-- Opening Marker --
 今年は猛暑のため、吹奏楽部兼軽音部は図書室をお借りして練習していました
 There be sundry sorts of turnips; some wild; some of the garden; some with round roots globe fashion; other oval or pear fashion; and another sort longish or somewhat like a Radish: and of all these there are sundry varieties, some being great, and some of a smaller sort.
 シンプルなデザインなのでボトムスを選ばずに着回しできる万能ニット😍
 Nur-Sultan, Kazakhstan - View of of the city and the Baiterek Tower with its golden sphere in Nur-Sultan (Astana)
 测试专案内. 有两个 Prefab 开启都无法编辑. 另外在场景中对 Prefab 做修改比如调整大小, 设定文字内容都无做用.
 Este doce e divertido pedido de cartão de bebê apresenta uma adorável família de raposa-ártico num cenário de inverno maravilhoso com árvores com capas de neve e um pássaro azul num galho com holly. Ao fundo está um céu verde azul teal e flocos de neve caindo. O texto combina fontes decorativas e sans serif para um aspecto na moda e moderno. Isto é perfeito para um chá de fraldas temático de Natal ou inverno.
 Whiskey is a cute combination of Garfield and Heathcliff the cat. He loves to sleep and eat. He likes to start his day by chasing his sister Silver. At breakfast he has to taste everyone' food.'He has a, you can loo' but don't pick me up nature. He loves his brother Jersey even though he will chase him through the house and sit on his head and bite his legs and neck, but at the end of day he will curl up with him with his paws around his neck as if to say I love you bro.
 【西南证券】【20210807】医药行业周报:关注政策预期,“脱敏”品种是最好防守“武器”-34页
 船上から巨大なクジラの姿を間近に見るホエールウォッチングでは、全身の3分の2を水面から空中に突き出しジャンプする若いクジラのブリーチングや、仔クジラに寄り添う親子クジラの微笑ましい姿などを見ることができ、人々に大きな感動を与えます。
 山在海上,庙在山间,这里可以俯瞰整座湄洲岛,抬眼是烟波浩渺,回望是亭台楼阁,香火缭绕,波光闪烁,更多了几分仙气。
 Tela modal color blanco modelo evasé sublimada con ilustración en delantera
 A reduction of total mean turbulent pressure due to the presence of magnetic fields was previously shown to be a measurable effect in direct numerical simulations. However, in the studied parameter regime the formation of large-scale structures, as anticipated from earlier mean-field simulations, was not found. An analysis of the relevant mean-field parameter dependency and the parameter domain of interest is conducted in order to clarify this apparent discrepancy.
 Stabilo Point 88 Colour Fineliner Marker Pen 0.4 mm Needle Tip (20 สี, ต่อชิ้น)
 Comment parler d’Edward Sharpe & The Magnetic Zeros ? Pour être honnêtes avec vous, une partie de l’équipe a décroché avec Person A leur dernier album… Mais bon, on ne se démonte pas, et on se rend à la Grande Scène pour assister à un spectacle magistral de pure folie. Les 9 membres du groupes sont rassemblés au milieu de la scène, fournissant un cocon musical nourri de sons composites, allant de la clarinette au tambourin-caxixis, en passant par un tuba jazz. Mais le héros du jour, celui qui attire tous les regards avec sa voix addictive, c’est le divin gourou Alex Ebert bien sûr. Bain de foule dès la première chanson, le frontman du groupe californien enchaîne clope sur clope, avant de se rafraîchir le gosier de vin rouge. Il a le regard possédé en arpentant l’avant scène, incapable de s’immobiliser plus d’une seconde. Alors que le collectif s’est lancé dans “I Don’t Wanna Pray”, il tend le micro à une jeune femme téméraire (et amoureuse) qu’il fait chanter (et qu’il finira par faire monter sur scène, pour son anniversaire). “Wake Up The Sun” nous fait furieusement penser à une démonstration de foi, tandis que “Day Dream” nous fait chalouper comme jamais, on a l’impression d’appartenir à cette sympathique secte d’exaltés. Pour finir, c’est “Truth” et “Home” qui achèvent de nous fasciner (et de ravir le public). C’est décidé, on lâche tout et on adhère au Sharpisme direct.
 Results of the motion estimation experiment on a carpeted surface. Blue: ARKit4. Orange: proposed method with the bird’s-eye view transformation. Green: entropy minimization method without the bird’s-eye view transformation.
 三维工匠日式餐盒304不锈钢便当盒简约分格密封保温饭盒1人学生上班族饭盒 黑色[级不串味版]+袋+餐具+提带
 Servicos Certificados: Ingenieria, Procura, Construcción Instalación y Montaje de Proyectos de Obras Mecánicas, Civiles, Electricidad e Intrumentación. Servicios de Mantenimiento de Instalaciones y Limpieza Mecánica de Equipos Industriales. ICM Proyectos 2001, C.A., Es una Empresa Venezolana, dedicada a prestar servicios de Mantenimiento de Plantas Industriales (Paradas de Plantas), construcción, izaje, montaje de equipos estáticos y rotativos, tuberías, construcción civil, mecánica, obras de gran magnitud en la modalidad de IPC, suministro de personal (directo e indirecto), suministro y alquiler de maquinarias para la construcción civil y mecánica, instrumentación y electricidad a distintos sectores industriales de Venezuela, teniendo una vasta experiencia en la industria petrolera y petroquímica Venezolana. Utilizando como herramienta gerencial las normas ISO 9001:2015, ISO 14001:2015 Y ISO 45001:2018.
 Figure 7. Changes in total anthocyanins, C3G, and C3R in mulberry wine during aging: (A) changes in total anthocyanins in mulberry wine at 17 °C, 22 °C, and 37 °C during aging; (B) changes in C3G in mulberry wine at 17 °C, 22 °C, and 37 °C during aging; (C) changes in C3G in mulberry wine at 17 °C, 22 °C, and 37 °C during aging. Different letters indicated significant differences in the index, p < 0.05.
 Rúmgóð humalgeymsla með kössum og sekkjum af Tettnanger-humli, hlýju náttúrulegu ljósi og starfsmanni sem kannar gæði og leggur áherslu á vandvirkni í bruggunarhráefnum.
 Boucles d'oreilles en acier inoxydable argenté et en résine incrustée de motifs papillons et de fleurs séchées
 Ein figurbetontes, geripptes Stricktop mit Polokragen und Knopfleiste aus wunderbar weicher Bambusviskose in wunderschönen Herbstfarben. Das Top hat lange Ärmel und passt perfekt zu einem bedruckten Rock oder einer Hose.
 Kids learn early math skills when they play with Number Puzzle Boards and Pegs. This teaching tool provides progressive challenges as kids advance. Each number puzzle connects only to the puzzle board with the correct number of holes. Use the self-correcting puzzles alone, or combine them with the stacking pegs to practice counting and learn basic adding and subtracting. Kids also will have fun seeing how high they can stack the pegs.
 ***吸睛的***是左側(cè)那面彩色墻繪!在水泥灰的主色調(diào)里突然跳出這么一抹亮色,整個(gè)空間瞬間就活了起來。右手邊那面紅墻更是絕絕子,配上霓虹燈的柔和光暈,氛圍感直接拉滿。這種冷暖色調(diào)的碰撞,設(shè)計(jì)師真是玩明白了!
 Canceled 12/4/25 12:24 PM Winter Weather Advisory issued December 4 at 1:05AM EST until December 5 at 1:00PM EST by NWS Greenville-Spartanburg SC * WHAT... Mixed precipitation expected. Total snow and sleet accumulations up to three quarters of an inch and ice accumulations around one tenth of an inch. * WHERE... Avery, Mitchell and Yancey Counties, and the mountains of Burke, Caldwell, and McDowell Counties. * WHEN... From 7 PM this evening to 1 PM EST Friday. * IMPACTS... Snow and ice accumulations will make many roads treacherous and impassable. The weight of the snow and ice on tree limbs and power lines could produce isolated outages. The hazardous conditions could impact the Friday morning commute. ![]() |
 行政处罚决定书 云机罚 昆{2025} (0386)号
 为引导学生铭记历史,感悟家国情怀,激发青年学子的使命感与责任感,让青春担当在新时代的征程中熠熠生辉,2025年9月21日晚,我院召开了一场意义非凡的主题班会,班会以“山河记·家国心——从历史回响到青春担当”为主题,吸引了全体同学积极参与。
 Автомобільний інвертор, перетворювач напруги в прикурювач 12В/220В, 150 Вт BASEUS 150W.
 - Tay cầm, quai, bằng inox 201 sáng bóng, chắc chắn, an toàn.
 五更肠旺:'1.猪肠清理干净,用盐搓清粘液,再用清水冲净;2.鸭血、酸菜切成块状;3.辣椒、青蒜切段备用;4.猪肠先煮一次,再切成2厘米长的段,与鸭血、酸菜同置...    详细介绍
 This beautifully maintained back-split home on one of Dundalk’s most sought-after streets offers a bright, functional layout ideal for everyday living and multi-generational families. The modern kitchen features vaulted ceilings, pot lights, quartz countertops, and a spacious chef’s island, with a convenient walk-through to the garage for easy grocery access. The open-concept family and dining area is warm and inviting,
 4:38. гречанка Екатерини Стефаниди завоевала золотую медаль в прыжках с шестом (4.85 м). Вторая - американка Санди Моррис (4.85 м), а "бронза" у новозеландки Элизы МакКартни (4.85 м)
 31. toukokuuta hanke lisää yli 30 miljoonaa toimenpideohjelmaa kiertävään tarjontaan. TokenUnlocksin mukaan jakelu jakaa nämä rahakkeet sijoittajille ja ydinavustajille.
-- Closing Marker --
Copy each line above holding "around".

#### Result:
 Whiskey is a cute combination of Garfield and Heathcliff the cat. He loves to sleep and eat. He likes to start his day by chasing his sister Silver. At breakfast he has to taste everyone' food.'He has a, you can loo' but don't pick me up nature. He loves his brother Jersey even though he will chase him through the house and sit on his head and bite his legs and neck, but at the end of day he will curl up with him with his paws around his neck as if to say I love you bro.
 Canceled 12/4/25 12:24 PM Winter Weather Advisory issued December 4 at 1:05AM EST until December 5 at 1:00PM EST by NWS Greenville-Spartanburg SC * WHAT... Mixed precipitation expected. Total snow and sleet accumulations up to three quarters of an inch and ice accumulations around one tenth of an inch. * WHERE... Avery, Mitchell and Yancey Counties, and the mountains of Burke, Caldwell, and McDowell Counties. * WHEN... From 7 PM this evening to 1 PM EST Friday. * IMPACTS... Snow and ice accumulations will make many roads treacherous and impassable. The weight of the snow and ice on tree limbs and power lines could produce isolated outages. The hazardous conditions could impact the Friday morning commute. ![]() |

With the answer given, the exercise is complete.